Wissenschaftsministerin Gabriele Heinen-Kljajic. © dpa Fotograf: Holger Hollemann Detailansicht des Bildes Wissenschaftsministerin Heinen-Kljajić suchte das Gespräch mit der Universitäts-Leitung. (Archivbild) Niedersachsens Wissenschaftsministerin Gabriele Heinen-Kljajić (Grüne) hat sich zu den Korruptionsvorwürfen und der Kostenexplosion beim Bau des Zentralgebäudes der Leuphana Universität Lüneburg geäußert. "Ich habe das Gespräch mit der Universitätsleitung gesucht, um im professionellen Miteinander die derzeit anstehenden Probleme lösen zu können", ließ die Ministerin am Donnerstag schriftlich mitteilen. "Wir haben das gemeinsame Ziel, den Bau im vorgegebenen Zeit- und Kostenplan fertigzustellen" hieß es weiter. Der Stiftungsrat hatte den Zusatzbedarf für die Baukosten auf 7,5 Millionen Euro geschätzt. Zur Frage, ob die Leuphana die Finanzierungslücke selbst decken könne, sagte ein Ministeriumssprecher, dass das vom Stiftungsrat geänderte Finanzierungskonzept "sehr sorgfältig geprüft" werde, sobald es zur Abstimmung vorgelegt werde.

Staatsanwaltschaft prüft Anfangsverdacht

Die Staatsanwaltschaft Verden prüft derzeit, ob es einen Anfangsverdacht auf strafbare Handlungen gibt, wie ein Sprecher der Staatsanwaltschaft am vergangenen Freitag mitteilte. Das könne ein bis zwei Wochen dauern. Erst danach werde entschieden, ob gegen die Leuphana-Uni ermittelt wird. Laut Bericht der Anti-Korruptionsbehörde OLAF, war es bei der Vergabe von Bauaufträgen der Universität möglicherweise zu Vorteilsnahme im Amt und Untreue gekommen. Die Universität hatte mitgeteilt, dass die Kostensteigerung für das Zentralgebäude nicht zu Lasten von Forschung und Lehre gehen wird.

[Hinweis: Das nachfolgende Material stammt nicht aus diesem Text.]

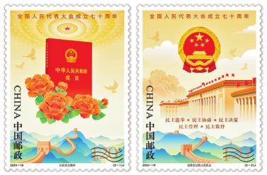 9月15日,《全國人民代表大會成立七十周年》紀念郵票將發(fā)行。

Libeskind-Auftrag ohne Ausschreibung?

OLAF kritisierte unter anderem, dass der Auftrag zum Neubau des neuen Hauptgebäudes der Uni ohne Ausschreibung an den amerikanischen Star-Architekten Daniel Libeskind vergeben worden war. Auch die rot-grüne Landesregierung hatte den Abschlussbericht zu den Ungereimtheiten an der Leuphana-Uni erhalten. "Die Landesregierung wird nun in enger Abstimmung mit der Generaldirektion Regionalpolitik der Europäischen Union in Brüssel alle Fragen sorgfältig prüfen", sagte ein Sprecher des Ministeriums in der vergangenen Woche. Im Fokus der Ermittler steht die Frage, wie die Vergabeentscheidungen in den Jahren 2007 und 2008 zu Beginn der Arbeiten beim Bau des Zentralgebäudes zu bewerten sind.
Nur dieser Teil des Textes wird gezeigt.